Popular narratives notwithstanding, our region suffers no want of means. The problem is a problem of distribution. Take for example the fact that there are more vacant homes in Detroit than there are homeless people. Using tools such as community land trusts, as advocated by the People’s Platform, the city and region could—at relativley low cost—increase density and make thousands of single women and children homeowners for generations to come through restrictive deeds. This would have an added benefit of ensuring permanent affordability and community cohesion for decades. But instead of protecting neighborhoods or focusing on keeping people in their homes or out of foreclosure, our non-representative, quasi-governmental decision makers have determined that what they call “blight remediation”’—which means tearing down the homes from which people have been evicted—is the most urgent use of our public tax dollars. Dan Gilbert, Mayor Duggan, and the DLBA all seem to agree. Similarly, our so-called representatives, who on the one hand tell us we must suffer through bankruptcy and broken pension promises, have on the other hand found hundreds of millions of dollars to pay—yes, pay—a billionaire to build a private stadium that will make him mountains money at the city’s expense, all without increasing the city’s functional tax base outside of Downtown.  When asked to explain why this is the case, we are told that this is what is best for the city.
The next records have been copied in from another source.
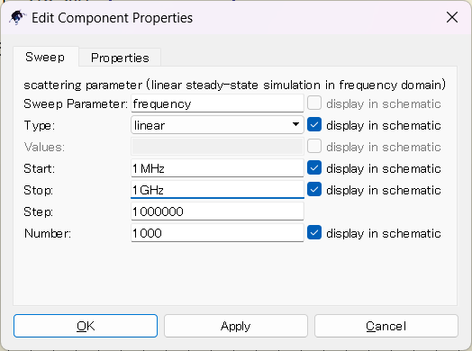 双击“s-parameter simulation”组件,设置频率范围和点数/步长。这里设置的频率范围和步长将反映在导出的S参数中。
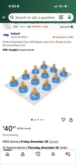 Enfamil Standard-Flow Soft Nipple, Latex Free, Ready to Use$20Redmond, WA
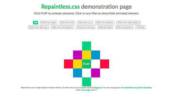 Repaintless.css – легкая по весу библиотека анимации CSS с десятками классных анимаций, которые сделают ваш сайт интерактивным, не замедляя его работу при этом. С ней вы сможете с легкостью добавлять слайд-эффекты.
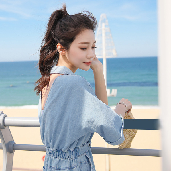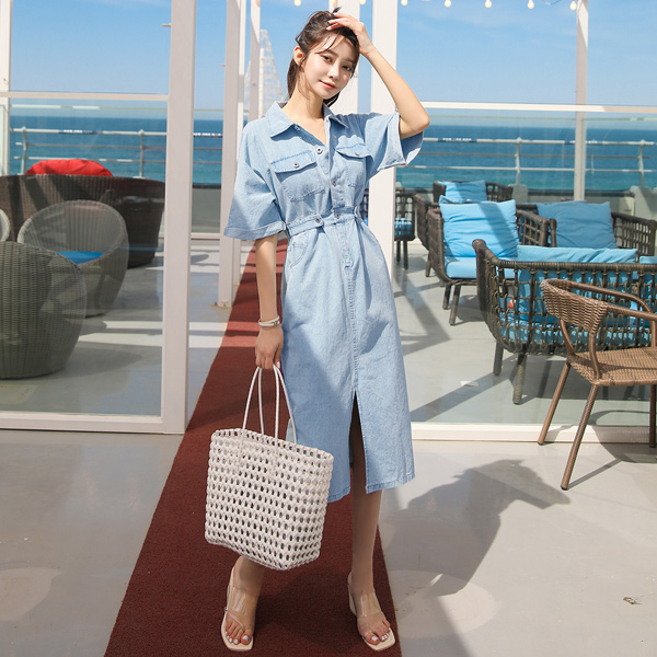 Back Line Center Front Vent Snap Button Denim Dress
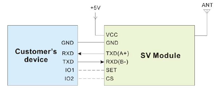 Note: The ground pin of the module and device should be connected together.
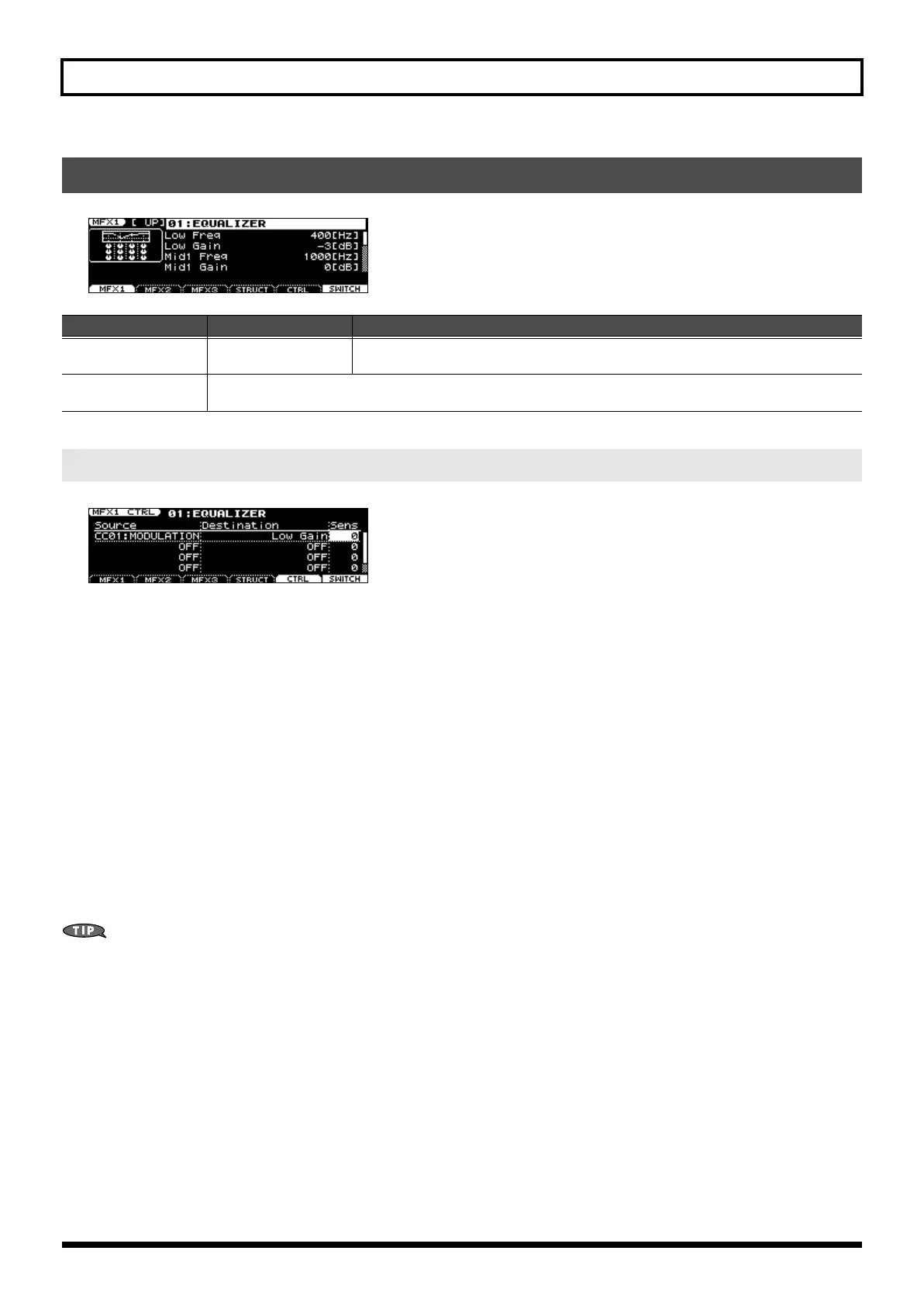 In the MFX screen (p. 84) (or the MFX STRUCTURE screen (p. 86), press [4 (CTRL)] if

Well I think it’s about time that we ask, “What is the city?” I contend that the city is its people. And most of those people don’t live Downtown. Detroit is the people whose shoulders we stand on and the people who are here today, whose art forms, culture, migration stories, family histories, years of work and songs of jubilation and lament make the city what it is. The heroes of Detroit are its people—the people who stayed, who kept its heartbeat going, who kept creating and growing in the most dire situations even as the surrounding region and the parent state retrenched, attacked, and disinvested from them. If these people are not prioritized in all of our so-called revitalization, then there will be no Detroit left, no spirit worth saving.  For far too long we have treated people as means and not as ends. From slavery (“independence”) and the assembly line (industrialization), to today’s burger flippers and builders working without living wages or CBAs, we have prioritized sticky comfort and excess over self-actualization and spiritual growth. It’s time to invest our resources in people, in one another, in the creation of the beloved community.

We who stand with the People’s Platform stand on the shoulders of our elders. Because of their courage and sacrifice, we know that with perseverance and the strength of our vision and conviction, we can do better tomorrow than we have done today. We know that we cannot look within the confines of the status quo, cannot resort only to what is currently deemed acceptable, or practical, or politic to solve the problems of today. We must look to what is right.  The whole world is waiting to see what will happen in Detroit. We have the opportunity to become the exemplar of organized power moving in the service of love, and of development that works in the service of all humanity. These things are worth fighting for, and if any of this resonates with you, I urge you to open your heart, your mind, and your time or checkbook to come fight, struggle, and celebrate with the Detroit People’s Platform, for I am certain that we too will rise from the ashes.